* DATA PROVIDED

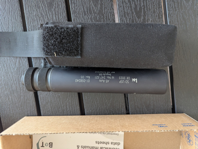 Nach fast abgeschlossener Geschäftsauflösung , kommen nun die letzten Schmankerl zur Auktion . Hier wird ein originaler, unbenutzter Kurzwaffenschalldämpfer von Brügger & Thomet für die Pistole MK 23 von H&K im Kaliber .45 ACP angeboten . Er wurde ursprünglich für einen " Stadtjäger " beschafft , jedoch hat ihm dann sein zuständiges Amt im letzten Moment doch die Sondergenehmigung verwehrt . Dieser Schalldämpfer in Verbindung mit der Patrone .45 ACP ist natürlich das absolute Zusammenspiel von Kraft und Leistung , denn die Daten von einer Vo unter 320 m/s , bei einem Geschoßgewicht zwischen 11 - 16,0 Gramm und einem Querschnitt von ca. 11,3 mm und dazu dann noch in der Geschoßvariante eines Hohlspitzgeschosses , sind der absolute Hammer zur Verwendung als nahezu lautlose Fangschußpatrone im urbanen wie befriedeten Bereich auf krankes oder wehrhaftes Wild . Der Dämpfer hat bei einem Gewicht von 370 Gramm , einem Durchmesser von 35 mm und einer Gesamtlänge von 190 mm , immer noch händelbare Eigenschaften . Versehen ist der SD mit dem Originalgewinde der H&K von M16x1 ( links). Zum Erwerb ist hier allerdings die vorherige Genehmigung der zuständigen Behörde in der WBK erforderlich . Bei Kurzwaffenschalldämpfern gibt es leider keine andere Option . Möglich ist jedoch auch eine WHL oder eine Zertifizierung als Waffensammler oder Sachverständiger ! Der derzeitige Neupreis liegt bei 998,-€ . Rücknahme oder Umtausch sind ausgeschlossen !
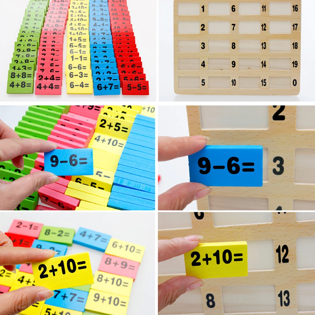 1 Набор детских деревянных игрушек домино, конструктор из палочек, математическая игра для подсчета, обучающая детская игрушка
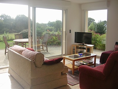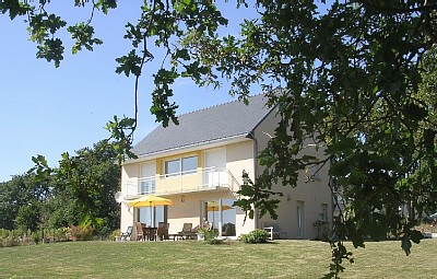 "Kerberry" sleeping 6 Perfectly located for seaside and countryside, just 5 minutes from a variety of lovely sandy beaches. Enjoy the comfort of this eco friendly, spacious, light, modern, south facing detached house, with aspect over fields towards the Petite Mer de Gavres and sea beyond.

* TASK DIRECTIONS
Return the material above in exact form. Pictures stay out.

* ANSWER TO THE EXERCISE
 Nach fast abgeschlossener Geschäftsauflösung , kommen nun die letzten Schmankerl zur Auktion . Hier wird ein originaler, unbenutzter Kurzwaffenschalldämpfer von Brügger & Thomet für die Pistole MK 23 von H&K im Kaliber .45 ACP angeboten . Er wurde ursprünglich für einen " Stadtjäger " beschafft , jedoch hat ihm dann sein zuständiges Amt im letzten Moment doch die Sondergenehmigung verwehrt . Dieser Schalldämpfer in Verbindung mit der Patrone .45 ACP ist natürlich das absolute Zusammenspiel von Kraft und Leistung , denn die Daten von einer Vo unter 320 m/s , bei einem Geschoßgewicht zwischen 11 - 16,0 Gramm und einem Querschnitt von ca. 11,3 mm und dazu dann noch in der Geschoßvariante eines Hohlspitzgeschosses , sind der absolute Hammer zur Verwendung als nahezu lautlose Fangschußpatrone im urbanen wie befriedeten Bereich auf krankes oder wehrhaftes Wild . Der Dämpfer hat bei einem Gewicht von 370 Gramm , einem Durchmesser von 35 mm und einer Gesamtlänge von 190 mm , immer noch händelbare Eigenschaften . Versehen ist der SD mit dem Originalgewinde der H&K von M16x1 ( links). Zum Erwerb ist hier allerdings die vorherige Genehmigung der zuständigen Behörde in der WBK erforderlich . Bei Kurzwaffenschalldämpfern gibt es leider keine andere Option . Möglich ist jedoch auch eine WHL oder eine Zertifizierung als Waffensammler oder Sachverständiger ! Der derzeitige Neupreis liegt bei 998,-€ . Rücknahme oder Umtausch sind ausgeschlossen !
 1 Набор детских деревянных игрушек домино, конструктор из палочек, математическая игра для подсчета, обучающая детская игрушка
 "Kerberry" sleeping 6 Perfectly located for seaside and countryside, just 5 minutes from a variety of lovely sandy beaches. Enjoy the comfort of this eco friendly, spacious, light, modern, south facing detached house, with aspect over fields towards the Petite Mer de Gavres and sea beyond.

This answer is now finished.